- SOURCE MATERIAL -

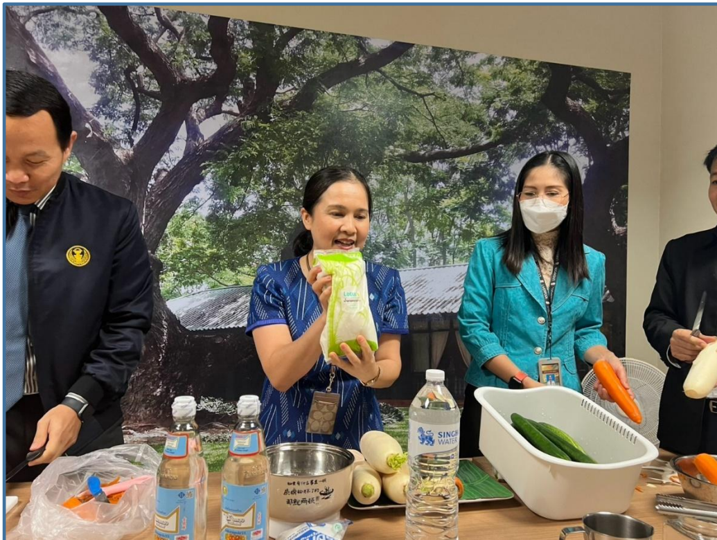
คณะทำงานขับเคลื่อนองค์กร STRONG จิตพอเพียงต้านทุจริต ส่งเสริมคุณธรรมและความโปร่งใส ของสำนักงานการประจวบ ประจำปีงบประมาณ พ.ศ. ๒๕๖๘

--

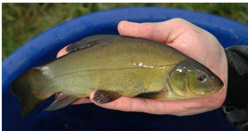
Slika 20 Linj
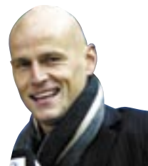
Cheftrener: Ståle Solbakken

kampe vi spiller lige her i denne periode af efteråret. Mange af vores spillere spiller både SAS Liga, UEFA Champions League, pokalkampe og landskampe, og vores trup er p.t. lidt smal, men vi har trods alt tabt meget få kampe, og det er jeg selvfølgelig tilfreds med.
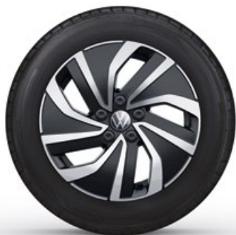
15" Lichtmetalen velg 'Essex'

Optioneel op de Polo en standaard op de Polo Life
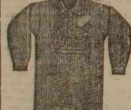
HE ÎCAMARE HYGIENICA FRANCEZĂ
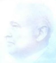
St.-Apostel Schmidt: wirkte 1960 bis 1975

- WHAT YOU HAVE TO DO -
Leaving all pictures out, output exactly the lines of the material above from the line with "HE ÎCAMARE HYGIENICA FRANCEZĂ" to the line with "St.-Apostel Schmidt: wirkte 1960 bis 1975", both included.

- TASK RESULT -
HE ÎCAMARE HYGIENICA FRANCEZĂ
St.-Apostel Schmidt: wirkte 1960 bis 1975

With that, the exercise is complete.